During the long spell of Ringach's harassment and the run-up to the firebombing, UCLA was mostly silent, just when the faculty might have expected some high-level encouragement and protection. The UCLA News Office had labeled the firebombing as terrorism and said: “UCLA condemns that.” Fine as far as it went, but a firm statement from the top was needed, and one was finally forthcoming on 27 August, weeks after these troubling incidents. It came from Acting Chancellor Norman Abrams, who condemns the harassers as terrorists (thereby choosing exactly the right word), promises more security to protect the faculty members who do animal research, and doubles the $30,000 FBI reward for apprehension of the firebomber. That will help, but more remains to be done. It turns out that the folks who are promoting the harassment of faculty have had inside help and participation from students. Yet appeals by researchers for disciplinary action have gone unanswered, even though harassment is a listed violation under the UCLA Student Code.
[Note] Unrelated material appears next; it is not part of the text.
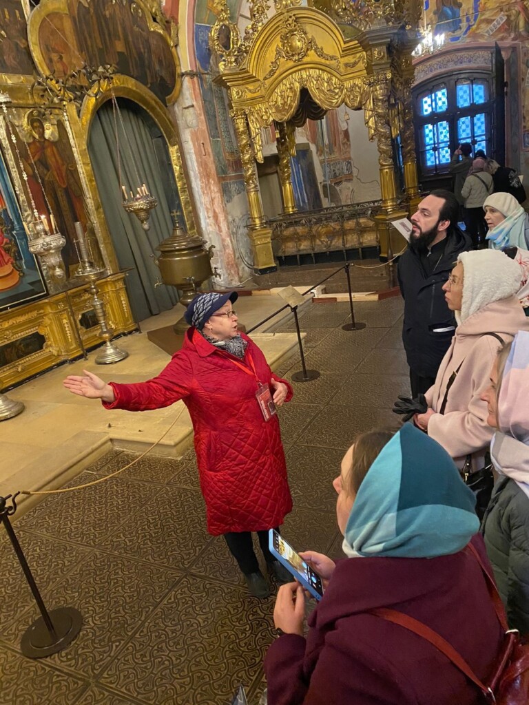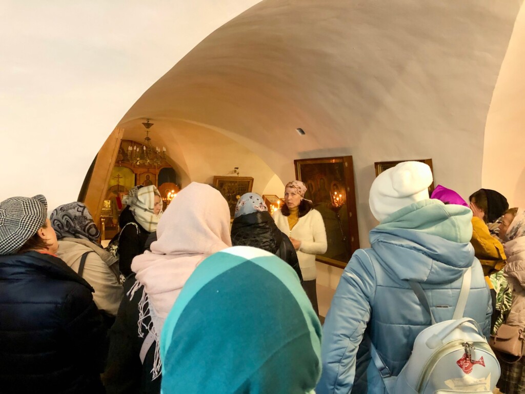 В подклете-усыпальнице Покровского собора мы услышали подробный рассказ о монастыре, о жизни преподобной Софии и других представительниц княжеских и боярских родов, окончивших свой земной путь и погребенных в суздальской обители. Также мы увидели место, где была погребена преподобная София, после чего переместились в зимний храм Зачатия праведной Анной Пресвятой Богородицы, где поклонились мощам преподобной.

Meanwhile, there's more on tap. The ALF has announced its own reward: $10,000 for anyone who supplies information that “leads to the end of an animal experiment or the arrest and final conviction of any vivisector at UCLA.” It's good that the university is now moving on the problem. But the terrorists, equipped with a kind of moral certainty that cannot distinguish righteous from right, are likely to continue this campaign unless the law of the land makes it clearly illegal and punishable. Fortunately, there is an opportunity for effective congressional action in this area. H.R. 4239 (the Senate companion is S. 1926) has already been heard by the House Judiciary Committee. Entitled the Animal Enterprise Terrorism Act, it would prohibit threats against researchers and their families and establish penalties for economic damage or for placing a researcher in reasonable fear of death or bodily injury. It also specifically prohibits “tertiary” targeting: actions against those who have a relationship or transactions with animal enterprises, including researchers. The House Judiciary Committee should get this bill out for a vote as soon as possible, before somebody gets killed.